Task prompt: In the records below, find the line that contains "Kali ini denzel". Retype that line and all the lines after it through the end, leaving out the pictures.

______________________________

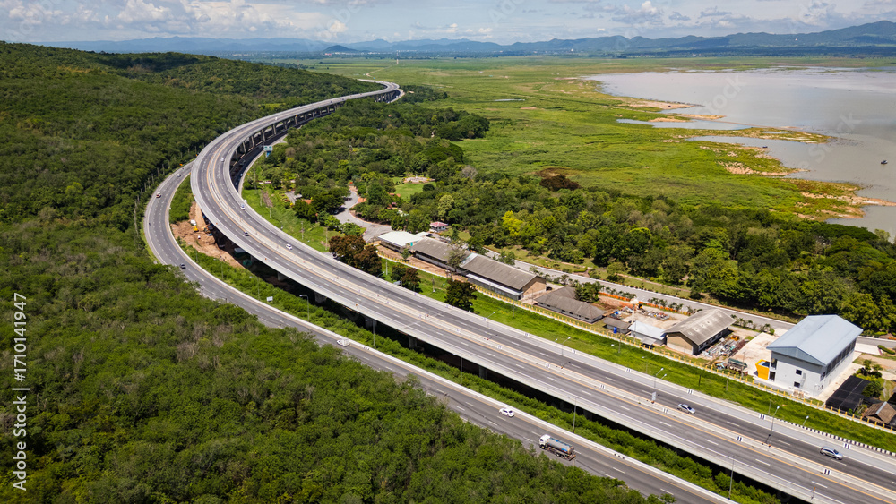 Drone shot The M6 motorway Nakhon Ratchasima Province - Bang Pa-in Lam Ta Khong River and Mountain. Motorway Korat Thailand
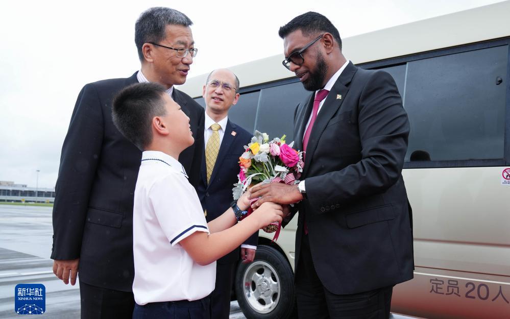 成都大運會(huì )丨來(lái)華出席成都大運會(huì )開(kāi)幕式并訪(fǎng)問(wèn)的圭亞那總統阿里抵達四川省成都市
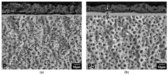 The surface morphology and cross-sections of the coatings are shown in Figure 2. All coatings have a developed porous structure. The surface of the PEO coating obtained in electrolyte P is heterogeneous: rough non-porous areas or areas with pores smaller than 1 μm alternate with areas covered with pores measuring 2.7 ± 0.7 μm (Figure 2a). The cross-section (upper part of Figure 2a) reveals discontinuities between the coating and the substrate, indicating weak adhesion of the coating. The coating is loose, with many small pores. The addition of sodium silicate leads to the formation of a glossy coating surface, the pore system becomes more uniform, and large rounded pores with a size of 3.9 ± 1 μm prevail on the surface (Figure 2b), while the porosity of the coating surface increased to 17 ± 1.7%. The cross-section shows that the coating is denser than P, with no discontinuities between the coating and the substrate. The coating consists of a dense inner layer up to 2 μm thick (indicated by arrows) and a porous outer layer 17.4 ± 1.3 μm thick (Figure 2b, upper part). The pores are deep (up to 7 μm), elongated, and interconnected. The addition of boric acid to the P and PS electrolytes led to an enlargement of the pores. The porosity of the surface of the coatings obtained in the PB electrolyte without silicate increased compared to P (Figure 2c), while in the PSB electrolyte, it decreased compared to PS (Figure 2d). The surface is heterogeneous, with smoothed areas on the pore craters alternating with rough areas. During the preparation of the cross-section, the PB sample coating was partially chipped. The PSB coating was denser.
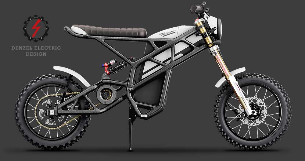 Kali ini denzel membangun electrik motorcycle bergaya scrambler dengan disain sendiri yang nyentrik alias unik. Bahan dari frame (rangka) nya terbat dari serat karbon, oleh karena itu sepeda motor ini dinamakan denzel electric fibre carbon scrambler. Lihat penampakan sepeda motor yang mirip sepeda bmx di atas, unik kan.
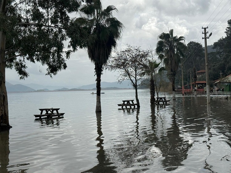Köyceğiz ilçesinde etkili olan yağışların ardından su seviyesi yükselen Köyceğiz Gölü'nün kuvvetli lodosla taşması sonucu bölgede şifa kaynağı olarak bilinen Sultaniye Kaplıcaları ve çamur banyoları sular altında kaldı.
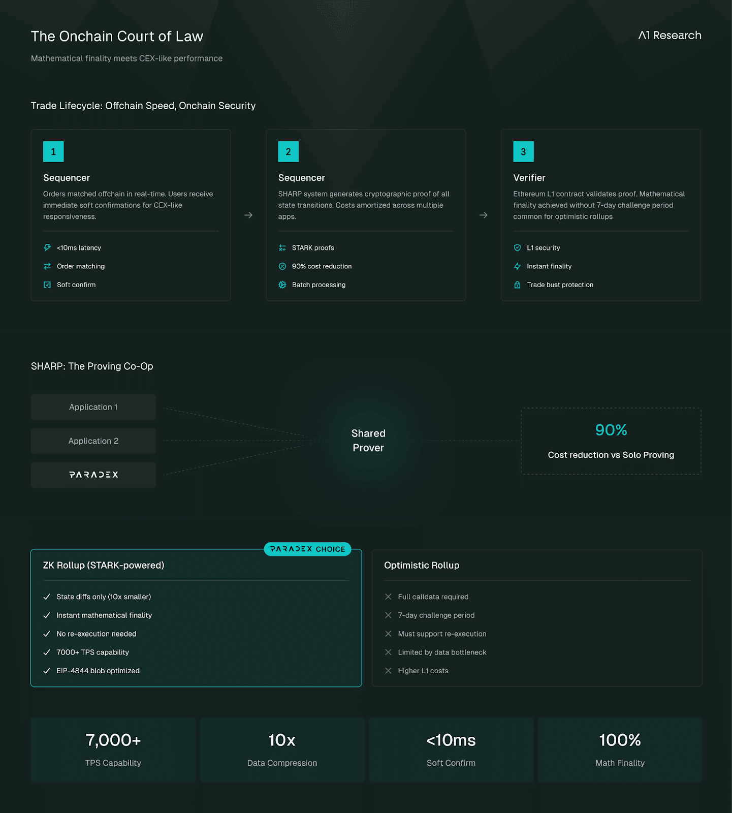 Understanding why Paradex can deliver institutional-grade privacy requires understanding how it is built. The architecture is not an accident, every design choice reflects a deliberate trade-off between performance, privacy, and trust minimization.

______________________________

Result of the task:
 Kali ini denzel membangun electrik motorcycle bergaya scrambler dengan disain sendiri yang nyentrik alias unik. Bahan dari frame (rangka) nya terbat dari serat karbon, oleh karena itu sepeda motor ini dinamakan denzel electric fibre carbon scrambler. Lihat penampakan sepeda motor yang mirip sepeda bmx di atas, unik kan.
Köyceğiz ilçesinde etkili olan yağışların ardından su seviyesi yükselen Köyceğiz Gölü'nün kuvvetli lodosla taşması sonucu bölgede şifa kaynağı olarak bilinen Sultaniye Kaplıcaları ve çamur banyoları sular altında kaldı.
 Understanding why Paradex can deliver institutional-grade privacy requires understanding how it is built. The architecture is not an accident, every design choice reflects a deliberate trade-off between performance, privacy, and trust minimization.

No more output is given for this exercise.